Deeper Grifting: Peter Coffin

Claire L. Evans

For a moment I actually thought I might win the Frieze Writer's Prize -- but let's be real.

In presenting a cross-section of 'micronations, sovereign independent states, concept nation states, and secession movements,' Peter Coffin's artist project at Palais de Tokyo, Grow Your Own, not only presents a world in which filial membership is dictated more by taste than circumstance, but also, and perhaps more exuberantly, taps into long-dormant childhood fantasies of turning ones' bedroom into an autonomously governed monarchy, exempt from the social mores of the rest of the house -- not to mention the world around it. As a continuation of the Palais' curatorial emphasis on the worldly, in a broad sense, and of inversion, Grow Your Own succeeds with both: Although it may not turn the world on its head, it certainly tips it over a little bit too far.

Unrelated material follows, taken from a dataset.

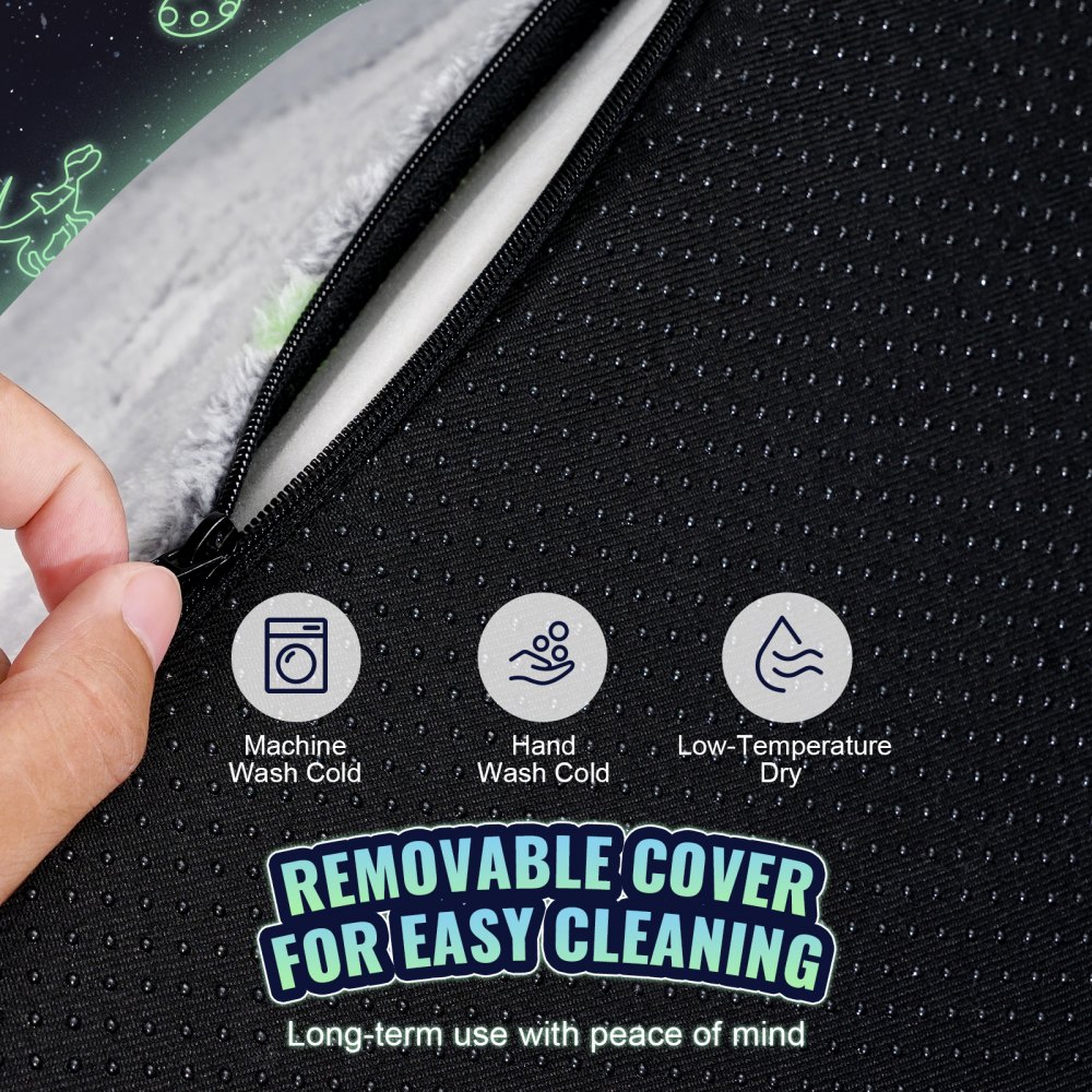 Materiały wysokiej jakości: Sofa dziecięca wykonana jest z tkaniny, która świeci w ciemności i wzbudza ciekawość, natomiast lekka gąbka 25D gwarantuje doskonałe wsparcie i trwałość, dzięki czemu sofa sprawdzi się w różnych otoczeniach.

The exhibition, an extended version of one installed in 2005 at Andrew Kreps Gallery in New York, We Could Have Invited Everyone, marshals together a microcosmic order of maverick nations, collocating them into a secondary world culture; a smaller, although arguably fuller, world full of dissidents, tax evaders, secessionists, and self-crowned kings and queens. Among the elusive, but burgeoning, constellations of sovereignty represented are the short-lived Conch Republic, John Lennon and Yoko Ono's Nutopia, the Principality of Vikesland, the dominion of British West Florida, the Kingdom of Elgaland-Vargaland (which claims all the borders of the world), and the Principality of Sealand, a quasi-legitimate concrete island off the coast of Suffolk. Some of these happily manoeuvre in the interstices between the great powers, while others, lacking non-psychic territory, seem to be nations-in-waiting. In this anarchic and fictional parallel world, the viewer is thrust into a dynamic relationship with his or her own nationality, becoming in these new terms an alien, the citizen of no principality, and part of a rapidly inconsequential old guard.

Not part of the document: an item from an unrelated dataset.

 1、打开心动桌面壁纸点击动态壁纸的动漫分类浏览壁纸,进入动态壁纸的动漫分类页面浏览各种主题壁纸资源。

The project, as earnest as it is grave, plays on the always-already latent arbitrariness of nationality. After all, what constitutes a country? If the answer is seals, anthems, languages, mottos, coins, and constitutions, then none of Grow Your Own's nation-states should be exempt from the formal definition; practically overwrought with flagpoles and passports, the exhibition seems to regale in the pap of iconography. If, however, sovereignty is something beyond categorization, an essential nationhood mostly based on other countries' perceptions of your own nation, then this project articulates, too, this glaring absence: That ineffable quality that makes a nation such an explicit, and bloodily defendable, notion.

Coffin, who also built a greenhouse-cum-concert-hall in the Palais, forcing musicians to consider what kind of music plants might like, tips his hat to Edwin Strauss, a science-fiction author of dubious repute whose forthright How To Start Your Own Country seems to have been the impetus for more than a handful of these self-populated provinces. Strauss' presence in the otherwise demurely insurrectionary Grow Your Own is about the only thing, surprisingly, which smacks of extremism; Thankfully, his advocacy of basement nukes to garner independence from the state slips by largely unnoticed among the plethora of droll flags and the murmur of looping documentary films.

These countries, however, seem to be more than just dilettante vanity projects; some appear to be products of the culture-as-file shuffle of a distinctly non-museum going class, and it is precisely this, rather than the plant-your-flag ethic of the countries involved, that makes Grow Your Own so recklessly subversive. To a certain extent, now that aesthetics can be entirely reconfigured with a click of the Refresh key, and information is amassed, piled everywhere, rather than sublimated, anyone could have created this installation.

Certainly, the museum context is not necessary to Grow Your Own; all of these countries have websites.